Preventable trauma in childhood costs north America and Europe US$ 1.3 trillion a year
Jonathon Passmore, WHO/Europe
The findings of a new study on the life-course health consequences and associated annual costs of adverse childhood experiences (ACEs) show that preventable trauma in childhood costs north America and the European Region US$ 1.3 trillion a year.
The article, published in the Lancet and co-authored by Dinesh Sethi and Jonathon Passmore, Programme Manager, Violence and Injury Prevention, WHO/Europe, looks at the legacy of ACEs and their societal financial impacts.
ACEs include being a victim of child maltreatment and being exposed to family violence, parental alcoholism or drug abuse, and other severe forms of stress while growing up.
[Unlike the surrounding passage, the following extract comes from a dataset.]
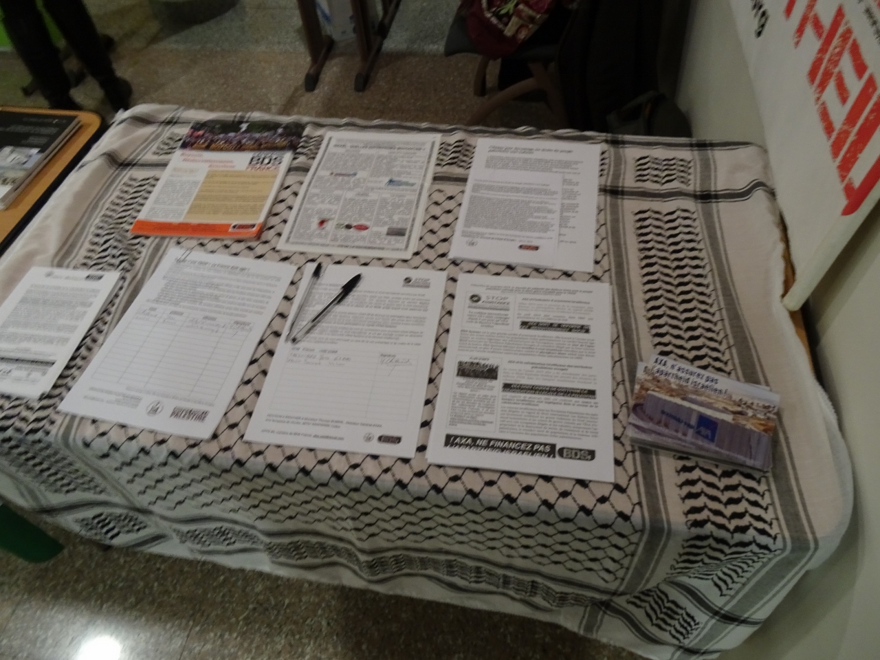 Environ 800 délégués ont assisté au Congrès national de la FSU à Clermont-Ferrand. Cinq militant.e.s AFPS 63 et BDSF 63 ont tenu un stand le 11 décembre, et distribué 400 ex. d’un tract « Les enfants palestiniens dans le viseur de la répression israélienne », appelant au BDS. Le stand présentait aussi une expo photos commentées sur les enfants palestiniens (merci au GL de Versailles, ainsi qu’à Activestills), ainsi qu’une table de presse sur Gaza, sur les prisonniers, sur le « modèle israélien », et sur BDS (notamment AXA et HP). La petition sur AXA a recueilli 15 signatures et la pétition « Trump c’est trop » , 21 signatures. De nombreux échanges ont eu lieu avec les congressistes, parfois membres du mouvement de solidarité d’autres villes, ainsi qu’avec des militants d’autres stands (Amnesty, ICAN pour l’interdiction des armes nucléaires, RESF, …)

While it is just one component of ACE, it is estimated that 55 million children are subject to some form of violence and maltreatment each year in the WHO European Region alone.
ACEs have lifelong consequences for a person’s health and well-being. They are a major risk factor for psychiatric disorders and suicide, and have lifelong after effects, including depression anxiety disorders, smoking, alcohol and drug abuse, aggression and violence towards others, risky sexual behaviours and post-traumatic stress disorders.
“Every child should have every opportunity to live a healthy and meaningful life,” says Jonathon. “By looking at the proportions of major risk factors for and causes of ill health that can be attributed to some form of trauma in childhood and the associated financial costs, we can demonstrate that tackling adversities in childhood is beneficial to both individuals and society as a whole.”
Prevention should be the focus for the Region. Just a 10% reduction in the prevalence of childhood trauma could equate to annual savings of US$ 105 billion.
The paper is a synthesis of multiple international studies on ACEs and economic analysis of their long-term impact on the health and productivity of victims as adults across the European Region and north America. The combined 23 studies draw data from 1.6 million individuals.